In order to understand PBIS’s ascendance as the most diffusely applied positive and proactive approach to school discipline in the United States (Center on PBIS, 2021b), it is important to take a brief look at its origin and subsequent history. The next section traces how PBIS got its start in federal laws passed to protect the civil rights of students with special needs and in the work of the U.S. Department of Education. This is followed by the influence of federal policies and grant money made available to schools for improving school climate and culture and mitigating disproportionality in exclusionary discipline. Last, we reveal the paradox, or what we call the open secret, of PBIS’s overall effectiveness in improving school safety and reducing the need for punitive practices, yet its limited success at creating equity in school discipline and welcoming school environments for underserved students.

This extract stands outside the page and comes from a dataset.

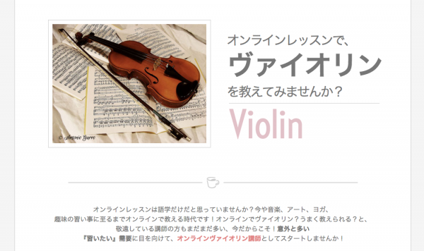 その流れを汲み、語学以外のレッスン、カテゴリを充実させるため、この度「オンラインヴァイオリン講師」募集ページをリリース致しました。

The History of PBIS Diffusion
So, how did the PBIS framework come to be used in thousands of individual schools and districts across the United States? PBIS, alternatively referred to as schoolwide positive behavioral interventions and supports (SWPBIS) and positive behavioral supports (PBS), was developed in the late 1990s by researchers out of the University of Oregon (Goodman-Scott, Hays, & Cholewa, 2018). Educators had known about prevention-based approaches for addressing problematic student behaviors since the 1970s but they had not yet been implemented on a wide scale (Sugai & Horner, 2002).

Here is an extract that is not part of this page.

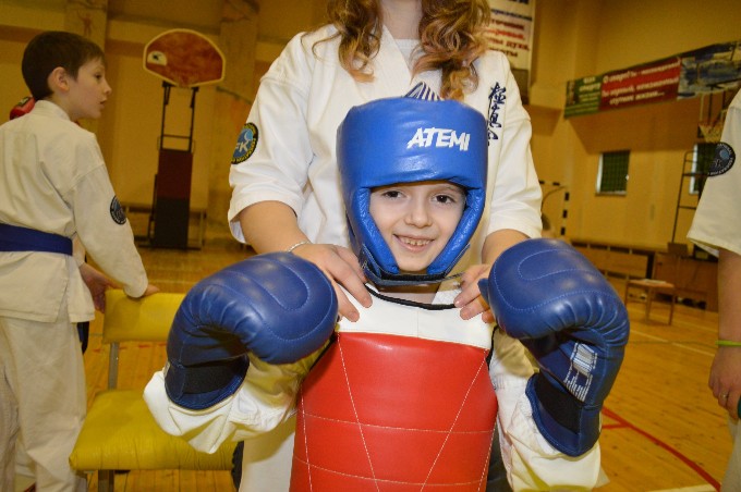 К бою готовится каратист из самой юной возрастной категории спортсменов 6-8 лет

In 1997, the U.S. federal government passed the Individuals With Disabilities Education Act (IDEA), which included provisions for schools to adopt positive and preventive disciplinary practices in order to address the overrepresentation of students with special needs in exclusionary discipline (Bal, 2015; Goodman-Scott et al., 2018). In response to IDEA, researchers at the University of Oregon developed the PBIS framework and a federally funded national center to support schools, districts, and states with their implementation of PBIS, called the Office of Special Education Programs (OSEP) Technical Assistance Center on Positive Behavioral Interventions and Supports (Goodman-Scott et al., 2018). In 2004, IDEA was reauthorized with added requirements that schools address racial disproportionality in exclusionary discipline (Bal, 2015). Moreover, PBIS was the only schoolwide disciplinary approach specifically mentioned in IDEA 2004 (Bal, 2015), and this near endorsement had profound ramifications for PBIS’s subsequent national diffusion.